All extractions were performed on silver birch wood chips supplied by Smurfit Kappa (Piteå, Sweden), with a moisture content of 4 – 5 wt-%. This was determined by drying weighed amounts of biomass at 105ºC for 24 h in tarred, aluminium trays and taking the mass loss as the moisture fraction of the sample. Alkaline extractions were carried out with a sodium hydroxide (NaOH) concentration of 50 g/L at 85, 130 and 170ºC. All conditions had a liquor to wood ratio of 20:1, the 85 and 130ºC being held at their respective extraction conditions for 1 hour, pH being recorded both before and after extraction.

For the 85ºC experiments, a milled sample (<2 mm fraction) of the silver birch wood chips was added, according to the desired loading, and taking into account moisture content. The samples were deposited into empty 50 mL Falcon tubes. Deionised water and NaOH solution were pipetted into different tubes and pH measured before being added to the biomass. The tubes were subsequently placed in a water bath at 85ºC for 1 hour. Tubes were then placed in an ice bath for 10 minutes before being centrifuged at 4000 rpm for 10 minutes. After the supernatant was decanted and collected, the procedure was repeated with deionised water until the pH of the wash water was around neutral. The biomass residue was then transferred to dried, weighed aluminium trays and dried overnight at 105ºC (see Fig. 4).

For the 130 ºC and 170ºC extractions, a sample of wood chips was weighed out and placed into a lab-scale digester along with corresponding amounts of NaOH solution and deionised water.
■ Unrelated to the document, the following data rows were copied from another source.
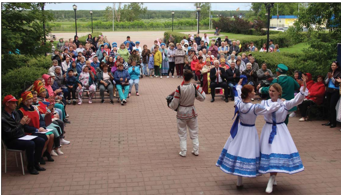
• Работники культуры вместе с гармонистами поднимали настроение публики.

– Мне приятно видеть здесь тех людей, чья молодость прошла под гармошку. Если спросить у ветеранов, то они скажут что «первый парень на деревне» в то время, конечно же, был гармонист. Независимо от того, какой тяжёлый был день, если за
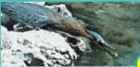
Yemi suya bırakıyor ve beklemeye başlıyor...
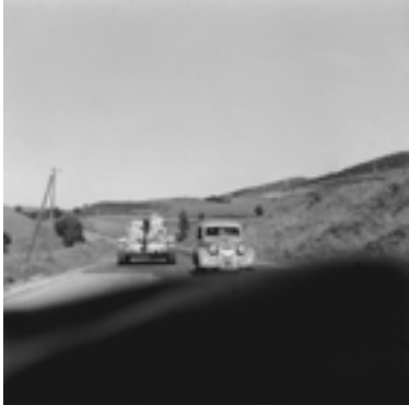
Sans titre, N 17/464. Dans : Pierre Bourdieu : Images d'Algérie. Une affinité élective © Pierre Bourdieu / Fondation Bourdieu, Saint-Gall, Suisse. Courtesy : Camera Austria, Graz, Autriche.

Florie Brunet 03 88 23 63 11 florie.brunet@stimultania.org
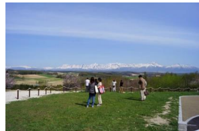
写真-2 整備後の広場と 十勝岳連峰への眺望
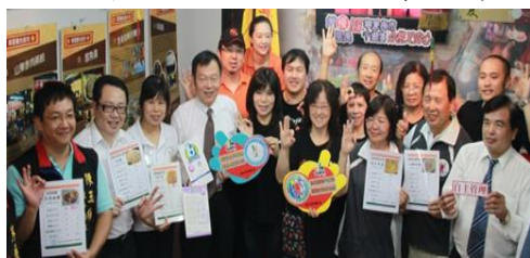
衛生及民政局共同推動安心 ok 標章

(三)健康飲食輔導分析與食材來源登錄：輔導 52 家寧夏商圈攤商做美食熱量分析，推動安心 OK 標章，輔導 109 家攤商做食材來源登錄，不僅全國首創更為全國之冠。
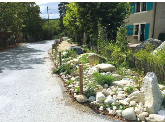
Rétrécissement de la route après les travaux

une prairie maigre et un mur en pierre sèche. Cette jolie clairière pourra donc à nouveau accueillir nos activités ainsi que celles de l'éco-crèche en forêt prochainement.
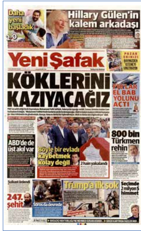
Resim 131, Yeni Şafak, 13 Kasım 2015
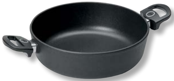
Titan Best Cassereuola Tonda
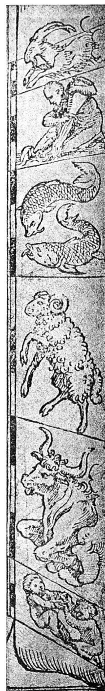
Abb. 25b. Tierkreiszeichen von 1531. (Pass. Holbein 41.)

II. Schreiber, Manuel, erwähnt unter Nr. 1906, daß sich die gleiche Zierleiste wie auf dem Londoner Kalender-Fragment (Kal. Nr. 2) auch unkoloriert auf einem Kalender von 1488 in der öffentlichen Kunstsammlung in Basel vorfinde. Dies ist aber ein Irrtum, denn der Kalender für 1488 (Kal. Nr. 3), der übrigens in der Bibliothek in Basel aufbewahrt ist, während sich nur ein Exemplar der Zierleiste in der Kunstsammlung befindet, zeigt nur eine Kopie und nicht die Originalleiste. Gestützt auf Schreiber hat Heitz in den N. W. als Nr. 31 die Basler Kopie angeblich als das Londoner Original reproduziert und aus Eigenem einen kleinen und einen großen Fehler hinzugefügt, indem er angibt, daß das Londoner Fragment für das
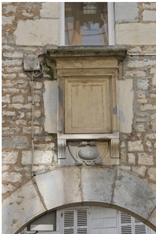
Façade latérale droite : détail du décor en table au-dessus du portail d'entrée. 25, Besançon, 2, 4 rue des Granges, lieudit : îlot Bouteiller
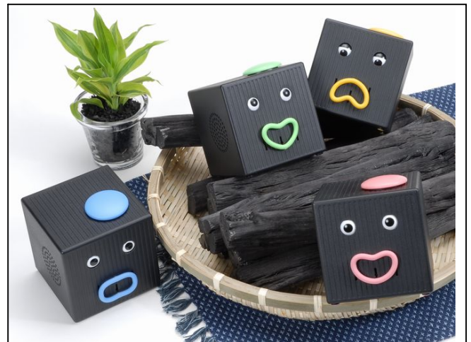
炭色パワーで『笑集(しょうしゅう)』効果！
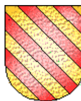
Raymond VI de Turenne

La ville de Carcassonne lui est brièvement restituée entre 1224 et 1226. Le Vicomte Raymond de Trencavel participe à la septième croisade en Terre Sainte, accompagné de chevaliers méridionaux. Il décède entre 1263 et 1267.
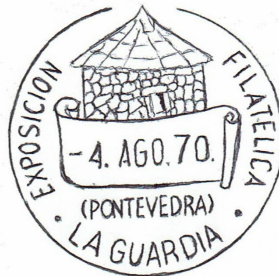
1ª Exfiglicia 1970
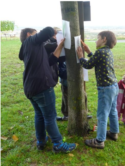
Viert- und Zweitklässler beim Erstellen einer Rindenfrottage.
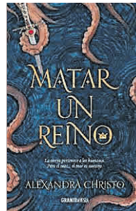
'Matar un reino' Océano Gran Travesía

NADIE DIRÍA QUE le aburre el cine porque no le ha gustado una película. Si tu hijo adolescente o preadolescente jura que no le gusta leer, seguramente no ha topado con el libro adecuado. Esta mini-guía resolverá los casos más difíciles a base de misterio, terror y mundos fantásticos. Aparcarán la tablet .
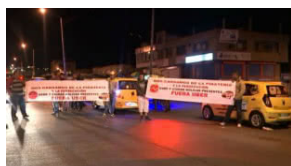
Los taxistas bogotanos salieron a las calles para protestar contra las plataformas digitales
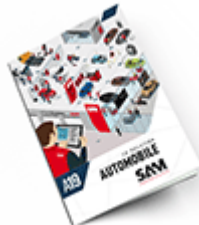
Automobile SAM 2019 Consulter le catalogue
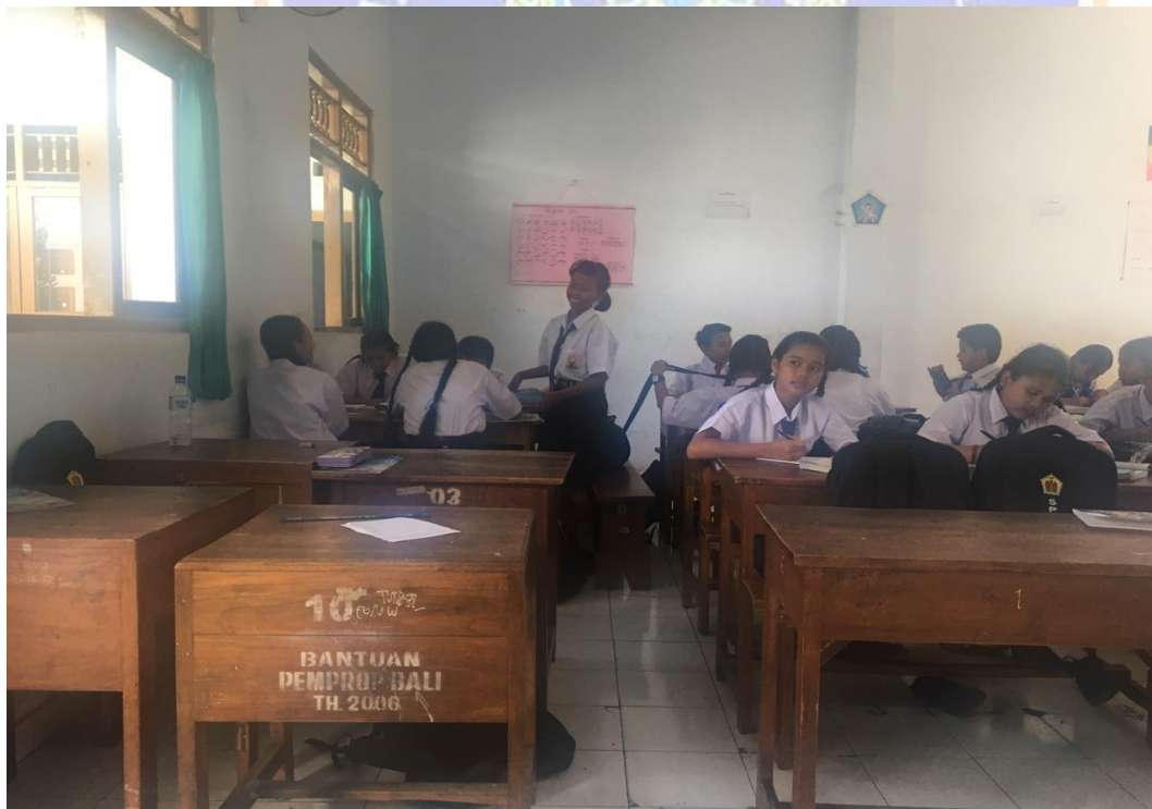
Keterangan belajar mengajar di kelas sesi diskusi atau belajar kelompok (data observasi, 2019)
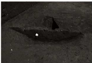
S K67調査状況 (3) (南から)
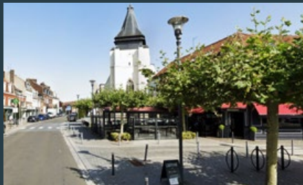
La place du Général De Gaulle - @google
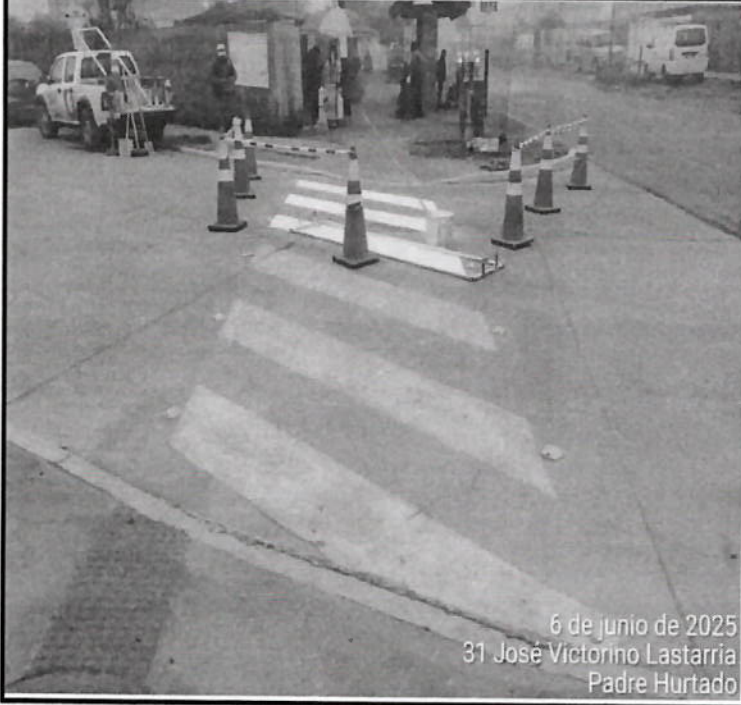
6 de junio de 2025 31 José Victorino Lastarria Padre Hurtado
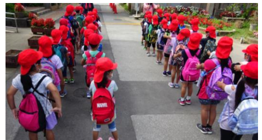
列を整えて、安全第一で出発の準備です！1年生
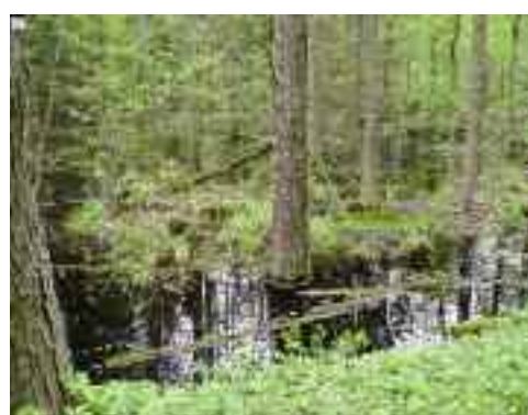
Figura 2. Una serie de pequeñas charcas en Loddington (Reino Unido, izquierda) y charcas estacionales en terraza que retienen el agua del invierno en Bielowieza (Polonia, derecha), uno de los bosques europeos mejor conservados.

Por su parte, las charcas artificiales en terrenos aluviales son ya parte integrante de las estrategias de prevención de inundaciones, como ocurre en las llanuras aluviales de captación tributarias del río Meuse. Con frecuencia, estas charcas se incluyen en proyectos de rehabilitación de los ríos (como en el caso del bajo Rin).
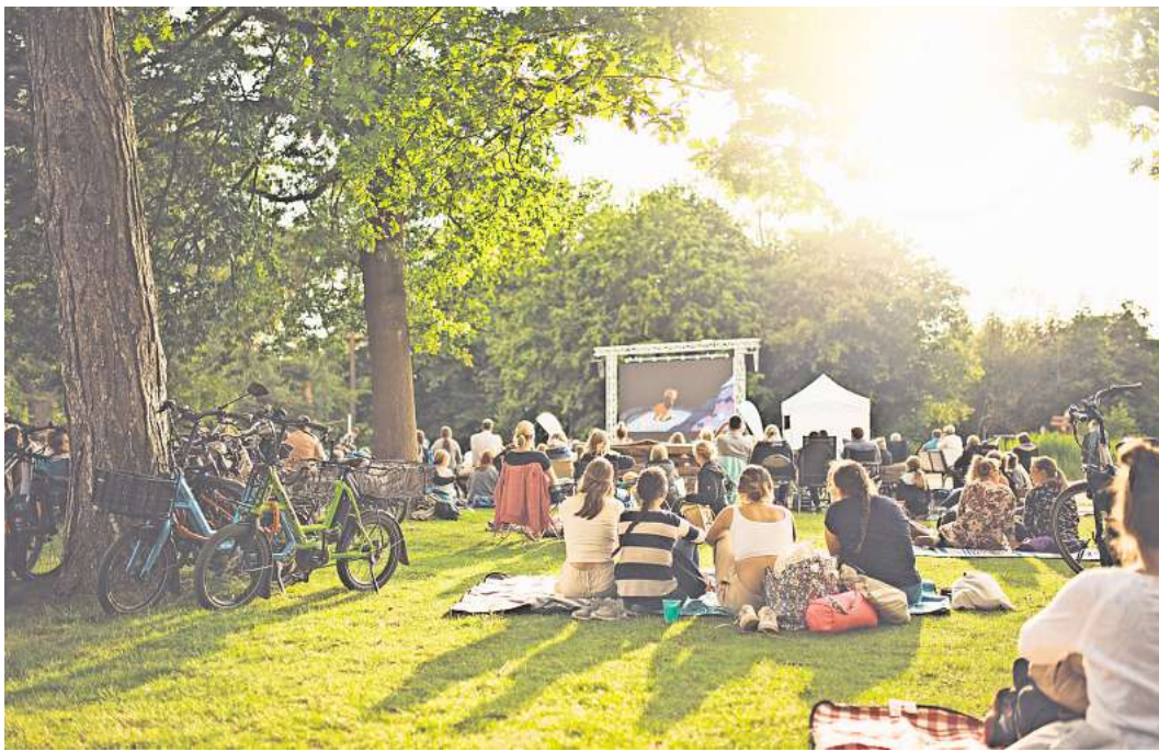
Das kann ein perfekter Sommerabend werden: bei Kino am See.

Vom 12. bis 14. Juli gibt es im Schlosspark Open Air Kino mit Seeblick.
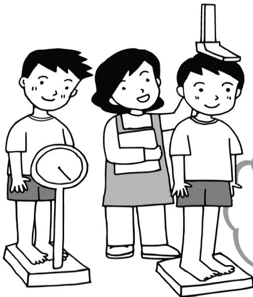
①体がどのように、どのくらい成長したか調べる

毎年行う健康診断にはこんな目的がありますが、理解が十分には進んでいないように感じます。目先のこと、すなわち『結果』のみにとらわれていないでしょうか。確かに結果は大事です。しかし、それを知
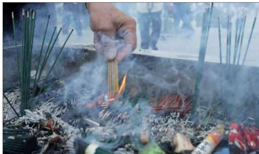
Muž zapaluje sviečku pri Dóme atómovej bomby v hirošimskom Parku mieru počas spomienkovej ceremónie pri príležitosti 68. výročia zhodenia atómovej bomby na Hirošimu 6. augusta 2013.

Dátum 6. august sa stal Svetovým dňom boja za zákaz jadrových zbraní – známy je aj pod názvom Deň Hirošimy. V ten deň v roku 1945 americké letectvo zhodilo jadrovú bombu na japonské mesto Hirošima. O tri dni neskôr, 9. augusta 1945, letectvo USA bombardovalo jadrovou náložou aj mesto Nagasaki. Ten dátum si svet pripomína ako Deň Nagasaki.
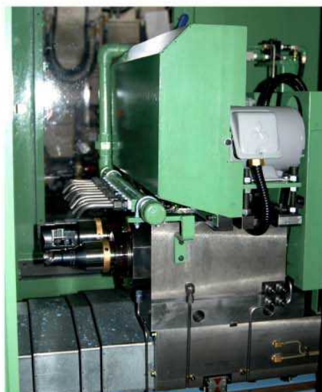
2軸ボーリングユニット

For the 130ºC extraction, the heat was ramped from 25ºC to 130ºC at 1.5ºC/min for 70 minutes. The temperature was then held at 130ºC for 1 hour, whereby the extraction liquor was collected and the chips washed in a bucket of deionised water until pH was neutral. The wood chips where then placed in a 105ºC oven until dry. The ramp rate for the 170ºC extraction was 0.75ºC/min until 100ºC (100 minutes), and then 0.5ºC/min until 170ºC (140 minutes) was reached. The cook then ended with no more heat being applied, and let to cool to room temperature. One litre of the extraction liquor was then collected and the residue wood chips washed and handled similarly to the 130ºC extraction. The collected supernatants from all extractions were used to determine the recovery of the solubilised, extracted hemicellulose and were refrigerated until used. It should be noted however, that the total amount solubilised material for the 170ºC extraction was based on a different cook, the only difference between the two trials being that the second cook was held at 170ºC for 1 hour.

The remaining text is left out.